Q. Foto-, Film- und Tonaufnahmen sowie Unterlagen

  1. Fotoaufnahmen zu privaten Zwecken sind zulässig, soweit dadurch keine Persönlichkeitsrechte anderer Personen, Hausordnungen oder Aufnahmeverbote von Museen, Kirchen und sonstigen Einrichtungen verletzt werden.
  2. Ton- und Videoaufnahmen der Führung oder wesentlicher Teile ihrer Erläuterungen sind nur mit vorheriger Zustimmung der Gästeführerin zulässig.
  3. Aufnahmen, auf denen die Gästeführerin erkennbar abgebildet oder hörbar ist, dürfen ohne ihre Zustimmung nicht veröffentlicht oder gewerblich genutzt werden, soweit keine gesetzliche Erlaubnis besteht.
  4. Von der Gästeführerin erstellte Texte, Bilder, Karten und sonstige Unterlagen dürfen, soweit sie urheberrechtlich geschützt sind, ohne vorherige Zustimmung nicht vervielfältigt, veröffentlicht, verbreitet oder gewerblich genutzt werden.
  5. Gesetzlich erlaubte Nutzungen bleiben unberührt.

R. Haftung

  1. Die Gästeführerin haftet unbeschränkt für Schäden aus der Verletzung des Lebens, des Körpers oder der Gesundheit, die auf einer vorsätzlichen oder fahrlässigen Pflichtverletzung der Gästeführerin oder einer von ihr eingesetzten Hilfsperson beruhen.
  2. Für sonstige Schäden haftet die Gästeführerin unbeschränkt, wenn diese auf Vorsatz oder grober Fahrlässigkeit beruhen.
  3. Bei leicht fahrlässiger Verletzung einer wesentlichen Vertragspflicht ist die Haftung auf den bei Vertragsschluss vorhersehbaren und vertragstypischen Schaden begrenzt.
  4. Wesentliche Vertragspflichten sind solche Pflichten, deren Erfüllung die ordnungsgemäße Durchführung des Vertrages überhaupt erst ermöglicht und auf deren Einhaltung der Kunde regelmäßig vertrauen darf.
  5. Im Übrigen ist die Haftung für leicht fahrlässig verursachte Schäden ausgeschlossen.
  6. Die vorstehenden Haftungsbeschränkungen gelten auch zugunsten der von der Gästeführerin eingesetzten Guides und sonstigen Erfüllungsgehilfen.
  7. Zwingende gesetzliche Haftungsbestimmungen bleiben unberührt.
  8. Für persönliche Gegenstände der Teilnehmer wird keine Verwahrung übernommen. Die Haftung nach den vorstehenden Bestimmungen bleibt davon unberührt.

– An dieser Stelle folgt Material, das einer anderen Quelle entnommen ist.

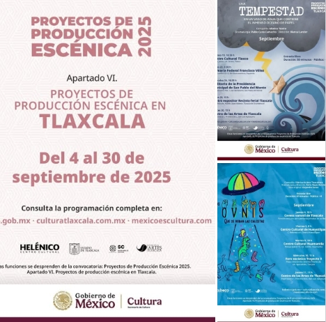 ¡Atención aquí familias! En colaboración del Centro Cultural Helénico con la Secretaría de Cultura Tlaxcala, te invitamos a las funciones que forman parte de los Proyectos de producción escénica en #Tlaxcala.
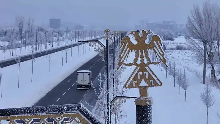 Selçuklu Devleti simgesi olan ve Sivas'taki aydınlatma direklerinin üzerinde bulunan çift başlı kartal figürü de soğuk havaya yenik düştü. Kentteki soğuk havanın yansımaları havadan görüntülendi.

T. Widerrufsrecht bei termingebundenen Führungen

Bei Verträgen über Gästeführungen, die für einen spezifischen Termin oder Zeitraum gebucht werden, besteht gemäß § 312g Abs. 2 Nr. 9 BGB kein gesetzliches Widerrufsrecht.
Das Recht des Kunden, die Buchung nach Maßgabe der in diesen Allgemeinen Geschäftsbedingungen enthaltenen Stornoregelungen zu stornieren, bleibt hiervon unberührt.

U. Datenschutz

Informationen zur Verarbeitung personenbezogener Daten ergeben sich aus der gesonderten Datenschutzerklärung, die auf der Website abrufbar ist.

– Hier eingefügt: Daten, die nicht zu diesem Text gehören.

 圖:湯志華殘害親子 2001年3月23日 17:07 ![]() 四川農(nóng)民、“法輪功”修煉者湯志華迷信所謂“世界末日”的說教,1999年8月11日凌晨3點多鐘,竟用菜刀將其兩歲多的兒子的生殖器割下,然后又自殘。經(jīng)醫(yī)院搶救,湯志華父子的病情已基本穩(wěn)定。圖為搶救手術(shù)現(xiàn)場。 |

V. Verbraucherstreitbeilegung

Regina Ebert ist nicht bereit und nicht verpflichtet, an Streitbeilegungsverfahren vor einer Verbraucherschlichtungsstelle teilzunehmen.

W. Schlussbestimmungen

  1. Es gilt das Recht der Bundesrepublik Deutschland.
  2. Gegenüber Verbrauchern gilt diese Rechtswahl nur insoweit, als dadurch nicht der Schutz entzogen wird, der dem Verbraucher durch zwingende Bestimmungen des Staates seines gewöhnlichen Aufenthalts gewährt wird.
  3. Sollten einzelne Bestimmungen dieser Allgemeinen Geschäftsbedingungen unwirksam sein oder werden, bleibt die Wirksamkeit der übrigen Bestimmungen unberührt. An die Stelle der unwirksamen Bestimmung treten die gesetzlichen Regelungen.